Shin Megami Tensei V: Vengeance review boss fight

Most of the game takes place in large zones with plenty of exploration. Treasure orbs that you break open are all over, as are small creatures you can find for rewards including Glory, a currency used to purchase miracles. You’ll also find tons of side quests, demons to converse with, and more. There’s a breadth of things to do and the game does a terrific job of making it all extremely compelling. New to this story arc are guest characters. These are persistent human story characters that can be used in place of your demons if you so choose.

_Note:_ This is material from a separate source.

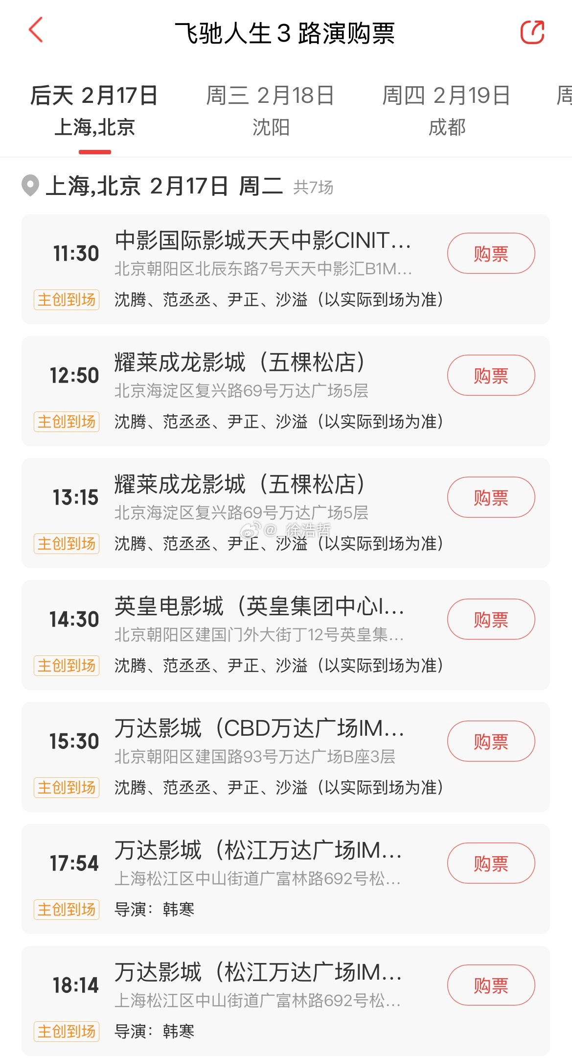 电影飞驰人生3电影《飞驰人生3》路演城市、时间、活动影城见图映后到场嘉宾如下2.17 上海 沈腾、范丞丞、尹正、沙溢北京 韩寒2.18 沈阳 沈腾、尹正、沙溢、张新成2.19 成都 沈腾、尹正、魏翔、张新成2.20 三亚 沈腾、尹正、魏翔、张新成

I personally prefer to have demons on hand so that I can be fully covered in regard to all the different weaknesses. I’ve always very much enjoyed figuring out how to take on each new enemy by hitting them with all the main elements and seeing how they react. Hitting an enemy weakness or getting a critical adds an extra turn to the attacker’s team. Similarly, missing an attack removes two turns. It’s a great system, although I honestly do like the one in the Persona games better.

I’m truly surprised at how much was done here to streamline the experience and make it more user friendly. For instance, you can now save anywhere. One could argue that this removes some of the tension which is necessary for SMT, considering that all it takes is a couple of unlucky actions to completely wipe your party out, but new players will no doubt appreciate it. There are tons of modern demons and the fresh arc even has entirely new places to explore, making Shin Megami Tensei V: Vengeance even larger than it first appears. You can choose which arc to play in the game’s opening minutes, so the original story is still very much present.

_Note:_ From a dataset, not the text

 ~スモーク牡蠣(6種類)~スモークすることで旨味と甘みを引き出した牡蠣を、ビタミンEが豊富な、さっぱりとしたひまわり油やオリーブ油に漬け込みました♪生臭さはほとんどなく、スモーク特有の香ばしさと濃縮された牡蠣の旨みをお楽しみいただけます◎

Shin Megami Tensei V: Vengeance review assemble team

As for other differences, some demons now have unique skills, you can get into consecutive battles much like in modern Persona games, there are new Magatsuhi skills that synergise based on what demons are in your party, tougher red enemies can now be found in the world, you can get rewards from your demons in a special area by speaking to them, the level cap has been increased to 150, and there’s a new difficulty unlocked by beating a special boss. Atlus has done so much additional work to make this already great game that much deeper and more interesting. It really can’t be overstated how much better this version of the game is, even considering the company’s past re-releases.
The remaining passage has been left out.